[Exercise data]
┄┄┄┄┄┄
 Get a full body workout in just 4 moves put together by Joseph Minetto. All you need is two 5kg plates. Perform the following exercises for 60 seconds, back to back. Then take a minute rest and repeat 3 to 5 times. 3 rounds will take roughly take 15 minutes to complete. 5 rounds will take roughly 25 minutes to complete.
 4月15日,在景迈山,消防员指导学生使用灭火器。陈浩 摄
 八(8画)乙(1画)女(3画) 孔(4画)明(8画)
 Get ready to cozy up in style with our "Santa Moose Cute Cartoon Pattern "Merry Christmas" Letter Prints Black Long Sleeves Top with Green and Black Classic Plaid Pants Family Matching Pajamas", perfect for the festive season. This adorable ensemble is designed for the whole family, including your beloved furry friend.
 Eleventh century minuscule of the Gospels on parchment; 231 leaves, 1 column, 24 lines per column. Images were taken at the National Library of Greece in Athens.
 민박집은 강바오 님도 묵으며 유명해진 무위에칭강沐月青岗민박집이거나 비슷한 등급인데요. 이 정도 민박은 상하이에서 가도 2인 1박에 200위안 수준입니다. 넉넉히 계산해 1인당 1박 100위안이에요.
┄┄┄┄┄┄
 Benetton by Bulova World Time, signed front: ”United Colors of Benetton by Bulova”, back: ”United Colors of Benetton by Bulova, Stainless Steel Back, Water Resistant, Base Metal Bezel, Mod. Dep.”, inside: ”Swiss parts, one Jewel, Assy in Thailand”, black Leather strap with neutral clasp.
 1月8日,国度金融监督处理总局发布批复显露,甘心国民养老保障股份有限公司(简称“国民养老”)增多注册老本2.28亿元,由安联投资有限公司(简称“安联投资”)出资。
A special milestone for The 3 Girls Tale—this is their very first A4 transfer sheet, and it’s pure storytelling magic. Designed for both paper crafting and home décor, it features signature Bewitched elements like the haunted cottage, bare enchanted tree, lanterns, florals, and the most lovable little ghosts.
┄┄┄┄┄┄
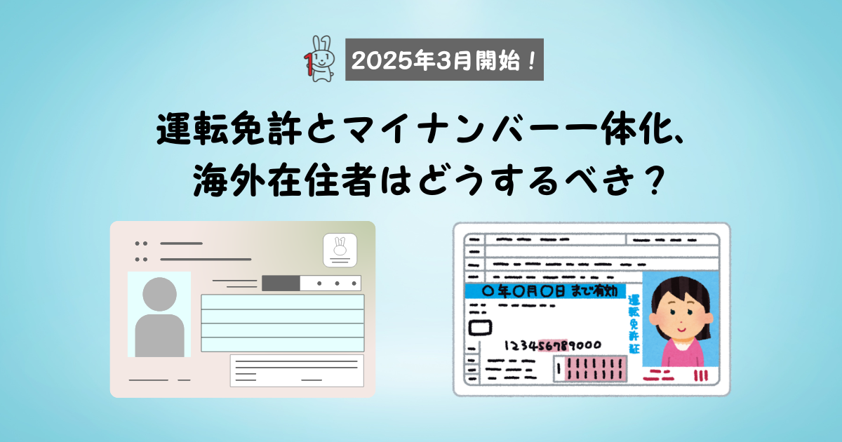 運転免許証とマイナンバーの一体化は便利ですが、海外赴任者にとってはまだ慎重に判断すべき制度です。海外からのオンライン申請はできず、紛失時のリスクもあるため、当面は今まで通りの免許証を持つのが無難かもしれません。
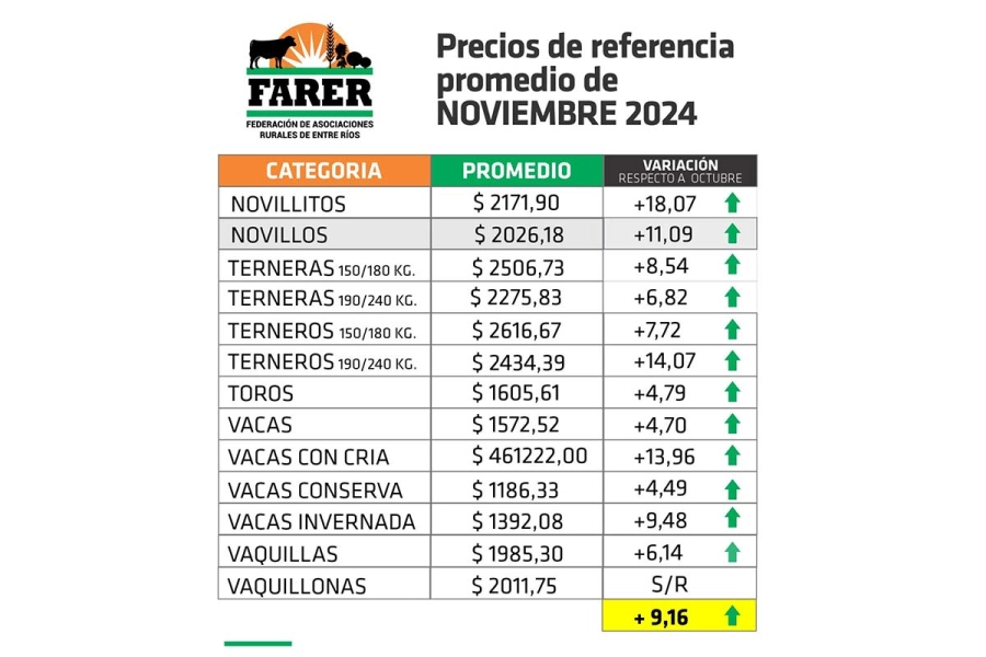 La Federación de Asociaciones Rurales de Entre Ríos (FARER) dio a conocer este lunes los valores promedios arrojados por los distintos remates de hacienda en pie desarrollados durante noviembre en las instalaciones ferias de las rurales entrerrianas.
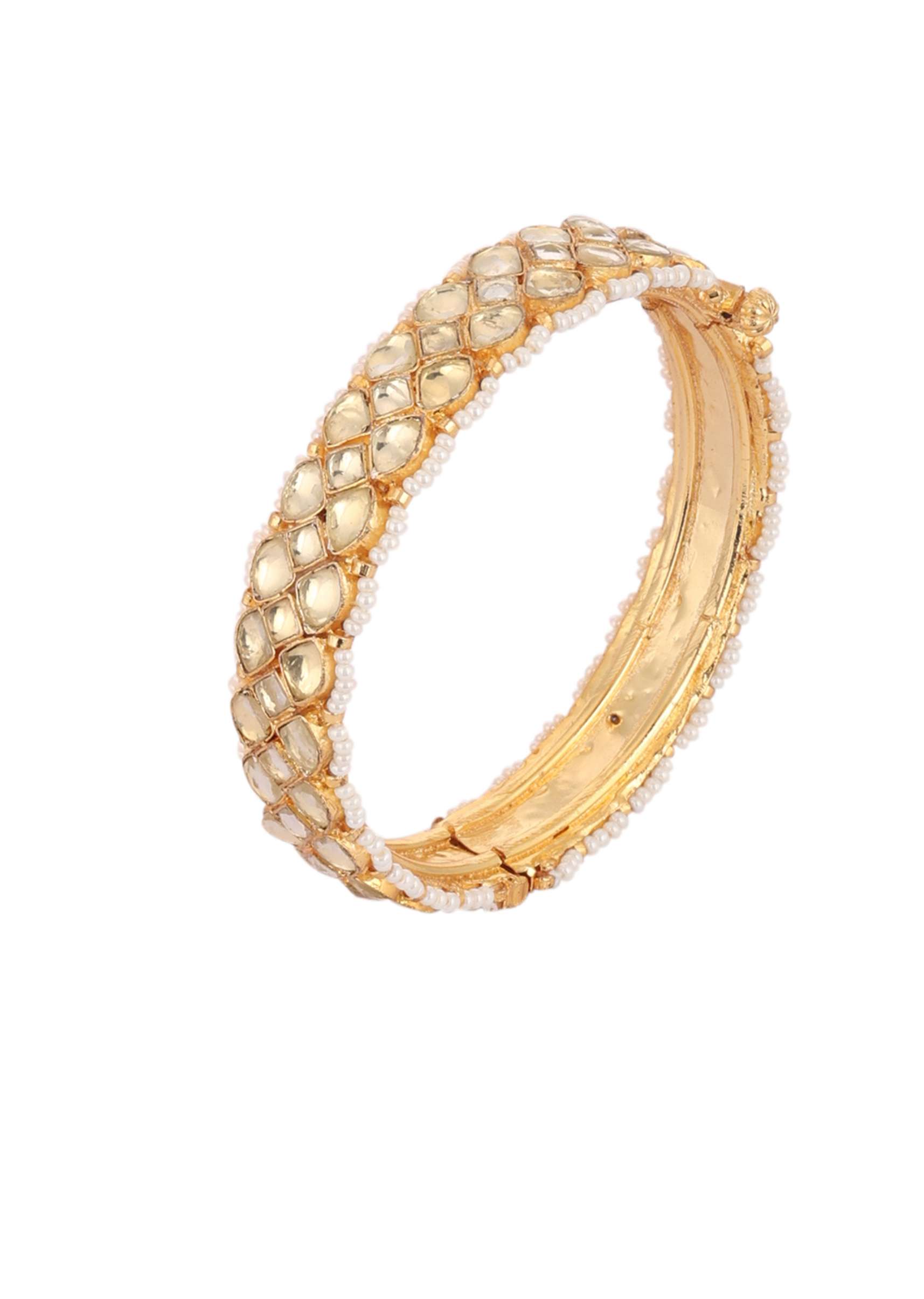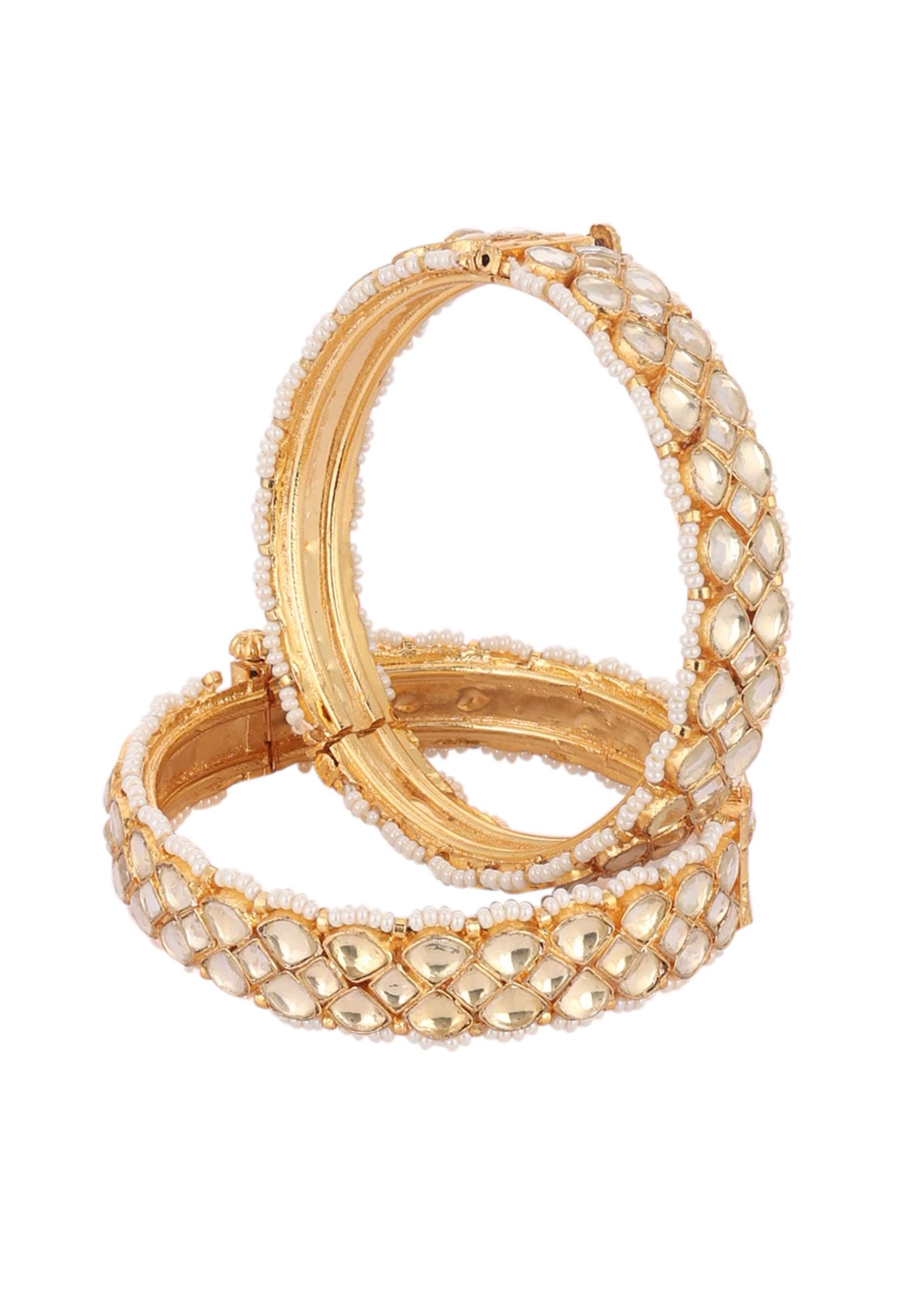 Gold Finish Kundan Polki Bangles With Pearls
┄┄┄┄┄┄
[Activity] Reproduce word for word, with pictures dropped, only the part of the material above that opens with the line containing "運転免許証とマイナンバーの一" and closes with the line containing "Gold Finish Kundan Polki Bangles With Pearls".

[Written solution]
 運転免許証とマイナンバーの一体化は便利ですが、海外赴任者にとってはまだ慎重に判断すべき制度です。海外からのオンライン申請はできず、紛失時のリスクもあるため、当面は今まで通りの免許証を持つのが無難かもしれません。
 La Federación de Asociaciones Rurales de Entre Ríos (FARER) dio a conocer este lunes los valores promedios arrojados por los distintos remates de hacienda en pie desarrollados durante noviembre en las instalaciones ferias de las rurales entrerrianas.
 Gold Finish Kundan Polki Bangles With Pearls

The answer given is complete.